I hope to see you there.
Don Hawkins
Columnist, Information Today and Conference Circuit Blog Editor
This session featured 3 search experts reviewing current trends and developments. Marydee Ojala, Editor, ONLINE Magazine and long-time online searcher, led off with a presentation entitled “So Many Search Engines, So Little Time”. Of course, the most popular search engine is still Google, but its relevancy is declining, there is no commitment to advanced search options, and it seems to be pulling back from features admired by information professionals. Alternatives to Google are:
- General web search engines. Bing by Microsoft is the most familiar. It features field searching and, search refinement (i.e. advanced search). Yahoo’s search is powered by Bing except in Japan and South Korea, and it remains a takeover target.
- Specialty search engines concentrate on format (images, video, social media), or subject (news, science, business). A variety of country search engines are available, such as Baidu (China), Yandex (Russia), and Naver (South Korea). The Search Engine Colossus is an international directory of search engines. Blekko has no spam and filters out results from content farms. DuckDuckGo is known for its privacy because it does not save searches. Exalead is a cloud-based site for enterprise search and has some advanced features such as soundslike and spellslike. Topsy is now the only search engine for archival Tweets.
Many search engines feature databases of a variety of information types; for example, one can find databases of images, books, news, and maps on Google; images and finance on Yahoo; and travel, news, inages, and video on Bing. Flickr and Picasa are well-known image databases, which can be searched by image criteria such as color. YouTube, of course, is the leading video search engine, but one can also find instructional videos from various universities as well as those from the Journal of Visual Experiments (JOVE).
- Paid search engines are mainly the traditional ones such as Dialog, Factiva, LexisNexis, EBSCO, and ProQuest. Some subject-oriented paid search engines are also available such as those from STN International, whose flagship database is Chemical Abstracts. In contrast to Google and some other web search engines, no SEO manipulation is done by these vendors, so results are very consistent.

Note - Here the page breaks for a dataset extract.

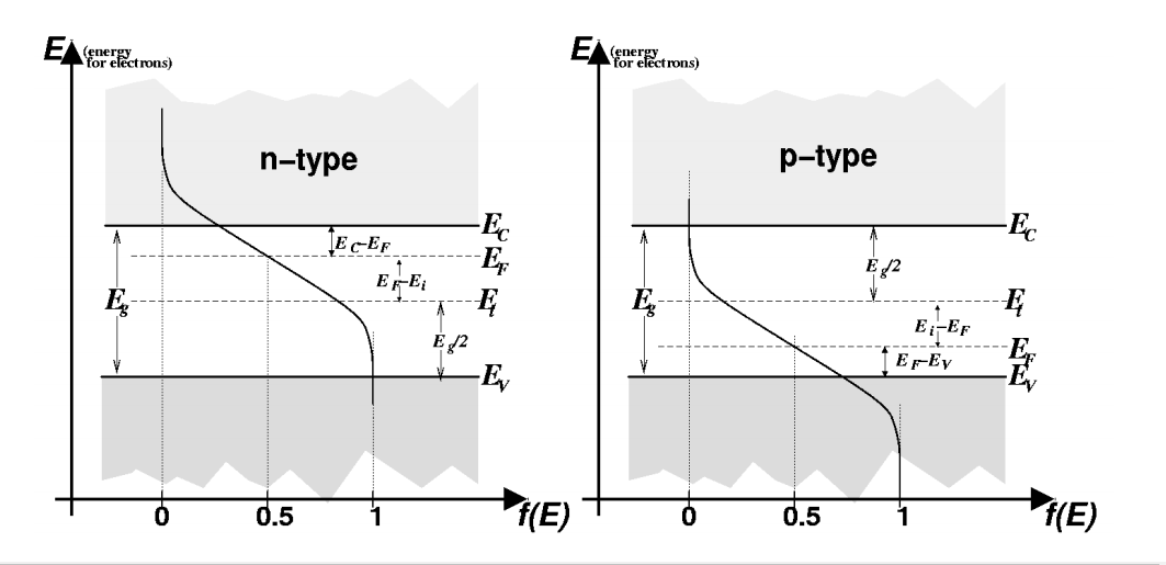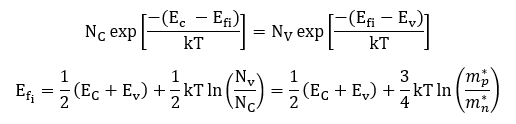 진성 반도체의 페르미 준위는 밴드갭의 중앙에 근접해 있습니다.. 진성 반도체는 전자 밀도와 정공 밀도가 같으므로(ni=pi) 다음과 같이 놓을 수 있습니다.

Innovations in search continue, but it is happening at the margins and inside the enterprise. Search algorithms are changed frequently. (See the closing keynote session for a discussion of the future of search.) Information professionals must constantly keep up with changes in search engines and be ready to switch search tools quickly. This is time consuming, but it is necessary if we are to remain relevant.

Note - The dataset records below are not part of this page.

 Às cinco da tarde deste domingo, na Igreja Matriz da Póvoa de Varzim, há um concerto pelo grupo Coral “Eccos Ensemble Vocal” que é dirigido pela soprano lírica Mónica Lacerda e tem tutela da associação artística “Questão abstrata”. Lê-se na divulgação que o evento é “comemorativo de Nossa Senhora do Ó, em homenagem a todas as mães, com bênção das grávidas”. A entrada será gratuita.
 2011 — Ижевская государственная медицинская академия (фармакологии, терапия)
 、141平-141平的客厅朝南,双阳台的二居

Marydee closed by urging attendees to read The Filter Bubble.
Arthur Weiss, Managing Director, AWARE, continued Marydee’s theme and reviewed some specialist search engines for people, numeric data, and news. He noted that although search engines may claim to search the deep web, they may be only using a web crawler to find material on the visible web. True deep web search tools typically look for information not searchable by crawlers.
Weiss showed how a Google news search returns different results depending on whether one is logged in to a Google account or not. When you are logged in to your account, Google knows who you are, your location, and any preferences you have set. Several news search engines cater to business users, including Northern Light, Congoo, and Newsnow. Silobreaker and Evri aggregate news and return results on a topic. Silobreaker has a number of innovative features, such as a summary, headlines, and trend charts showing item frequencies. Evri has more images than Silobreaker.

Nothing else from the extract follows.